Records from a data collection
........

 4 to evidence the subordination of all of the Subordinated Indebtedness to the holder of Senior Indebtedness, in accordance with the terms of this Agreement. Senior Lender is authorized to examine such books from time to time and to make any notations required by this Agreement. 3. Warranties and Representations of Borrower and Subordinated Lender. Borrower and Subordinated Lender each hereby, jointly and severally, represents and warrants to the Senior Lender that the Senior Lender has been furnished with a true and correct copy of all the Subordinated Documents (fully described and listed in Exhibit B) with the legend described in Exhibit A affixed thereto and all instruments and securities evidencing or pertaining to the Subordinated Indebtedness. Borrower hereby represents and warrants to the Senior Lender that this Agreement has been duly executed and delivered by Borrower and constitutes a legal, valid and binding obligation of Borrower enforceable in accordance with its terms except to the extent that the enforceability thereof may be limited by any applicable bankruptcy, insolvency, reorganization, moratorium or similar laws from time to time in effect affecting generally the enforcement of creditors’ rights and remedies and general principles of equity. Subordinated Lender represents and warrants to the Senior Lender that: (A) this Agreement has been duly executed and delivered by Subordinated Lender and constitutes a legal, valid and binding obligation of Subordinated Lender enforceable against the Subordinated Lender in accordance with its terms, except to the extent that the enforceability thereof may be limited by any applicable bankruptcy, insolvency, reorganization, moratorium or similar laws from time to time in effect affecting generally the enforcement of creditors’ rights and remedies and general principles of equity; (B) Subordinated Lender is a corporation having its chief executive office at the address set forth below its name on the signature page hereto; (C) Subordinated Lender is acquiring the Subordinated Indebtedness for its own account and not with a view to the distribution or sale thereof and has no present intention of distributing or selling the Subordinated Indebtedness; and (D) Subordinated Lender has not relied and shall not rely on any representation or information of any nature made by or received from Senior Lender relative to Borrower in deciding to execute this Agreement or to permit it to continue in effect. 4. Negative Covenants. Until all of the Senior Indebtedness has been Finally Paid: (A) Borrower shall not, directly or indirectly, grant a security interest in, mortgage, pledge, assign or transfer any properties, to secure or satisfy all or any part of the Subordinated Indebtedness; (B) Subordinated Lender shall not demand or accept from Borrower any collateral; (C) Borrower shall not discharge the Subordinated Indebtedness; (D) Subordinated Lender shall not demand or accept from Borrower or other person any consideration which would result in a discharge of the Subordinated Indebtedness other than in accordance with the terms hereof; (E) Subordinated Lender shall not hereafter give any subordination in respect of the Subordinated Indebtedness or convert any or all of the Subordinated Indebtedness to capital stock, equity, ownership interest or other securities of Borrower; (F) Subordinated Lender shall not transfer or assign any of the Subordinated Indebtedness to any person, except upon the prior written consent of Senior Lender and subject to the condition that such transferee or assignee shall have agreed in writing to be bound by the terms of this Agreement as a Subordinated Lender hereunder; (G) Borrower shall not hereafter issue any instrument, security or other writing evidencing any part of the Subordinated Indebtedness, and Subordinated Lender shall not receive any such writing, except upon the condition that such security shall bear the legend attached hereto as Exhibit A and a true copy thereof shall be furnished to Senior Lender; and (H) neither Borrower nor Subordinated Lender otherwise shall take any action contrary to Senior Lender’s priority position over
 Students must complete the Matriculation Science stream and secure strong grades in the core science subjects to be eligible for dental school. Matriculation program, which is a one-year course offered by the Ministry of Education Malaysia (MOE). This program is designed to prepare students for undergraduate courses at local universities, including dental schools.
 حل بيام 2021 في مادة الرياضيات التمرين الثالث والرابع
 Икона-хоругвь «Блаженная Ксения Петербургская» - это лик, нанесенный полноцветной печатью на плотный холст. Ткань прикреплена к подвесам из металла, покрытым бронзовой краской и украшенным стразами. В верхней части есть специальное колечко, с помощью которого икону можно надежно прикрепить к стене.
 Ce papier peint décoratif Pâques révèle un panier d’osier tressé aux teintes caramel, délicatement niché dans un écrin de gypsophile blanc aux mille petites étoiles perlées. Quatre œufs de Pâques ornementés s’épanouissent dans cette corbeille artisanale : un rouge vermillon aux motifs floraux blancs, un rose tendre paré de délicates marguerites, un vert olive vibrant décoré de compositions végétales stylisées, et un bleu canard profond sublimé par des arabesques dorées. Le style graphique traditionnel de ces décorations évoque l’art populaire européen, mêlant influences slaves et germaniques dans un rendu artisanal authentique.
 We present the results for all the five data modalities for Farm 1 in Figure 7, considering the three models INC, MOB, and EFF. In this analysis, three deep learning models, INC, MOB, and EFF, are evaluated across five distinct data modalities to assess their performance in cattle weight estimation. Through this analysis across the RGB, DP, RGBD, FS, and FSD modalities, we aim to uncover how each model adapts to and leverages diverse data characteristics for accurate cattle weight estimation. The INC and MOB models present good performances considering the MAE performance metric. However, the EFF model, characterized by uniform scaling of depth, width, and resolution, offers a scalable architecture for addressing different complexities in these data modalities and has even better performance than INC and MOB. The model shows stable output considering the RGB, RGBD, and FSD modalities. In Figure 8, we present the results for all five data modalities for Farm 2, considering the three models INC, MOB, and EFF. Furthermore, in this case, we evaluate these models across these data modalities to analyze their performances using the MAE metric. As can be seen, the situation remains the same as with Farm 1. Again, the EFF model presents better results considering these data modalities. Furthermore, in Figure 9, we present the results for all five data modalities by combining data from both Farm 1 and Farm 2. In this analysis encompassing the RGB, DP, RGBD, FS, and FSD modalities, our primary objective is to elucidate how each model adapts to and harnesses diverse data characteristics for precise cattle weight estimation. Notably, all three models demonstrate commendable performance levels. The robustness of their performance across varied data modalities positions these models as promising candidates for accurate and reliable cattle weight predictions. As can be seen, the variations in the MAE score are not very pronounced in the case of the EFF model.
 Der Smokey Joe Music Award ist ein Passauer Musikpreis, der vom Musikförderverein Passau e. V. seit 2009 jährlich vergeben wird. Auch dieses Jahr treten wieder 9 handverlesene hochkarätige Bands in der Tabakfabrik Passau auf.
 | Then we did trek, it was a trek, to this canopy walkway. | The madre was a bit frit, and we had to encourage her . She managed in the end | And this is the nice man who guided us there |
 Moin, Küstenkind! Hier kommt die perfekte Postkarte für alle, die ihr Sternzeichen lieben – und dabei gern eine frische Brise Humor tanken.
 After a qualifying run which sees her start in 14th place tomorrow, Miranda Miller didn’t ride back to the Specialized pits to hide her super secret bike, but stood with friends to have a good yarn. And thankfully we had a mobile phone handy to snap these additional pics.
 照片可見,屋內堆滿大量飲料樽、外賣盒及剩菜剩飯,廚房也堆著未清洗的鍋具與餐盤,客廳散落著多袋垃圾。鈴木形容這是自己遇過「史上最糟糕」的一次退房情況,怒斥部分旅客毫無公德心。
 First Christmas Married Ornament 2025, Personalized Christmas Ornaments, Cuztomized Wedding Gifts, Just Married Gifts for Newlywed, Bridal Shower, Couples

........

## What this task involves:
Repeat word for word the lines above that run from the line containing "After a qualifying" through the line containing "照片可見,屋內堆滿大量飲料樽", both ends included, and nothing else.

## Task result:
 After a qualifying run which sees her start in 14th place tomorrow, Miranda Miller didn’t ride back to the Specialized pits to hide her super secret bike, but stood with friends to have a good yarn. And thankfully we had a mobile phone handy to snap these additional pics.
 照片可見,屋內堆滿大量飲料樽、外賣盒及剩菜剩飯,廚房也堆著未清洗的鍋具與餐盤,客廳散落著多袋垃圾。鈴木形容這是自己遇過「史上最糟糕」的一次退房情況,怒斥部分旅客毫無公德心。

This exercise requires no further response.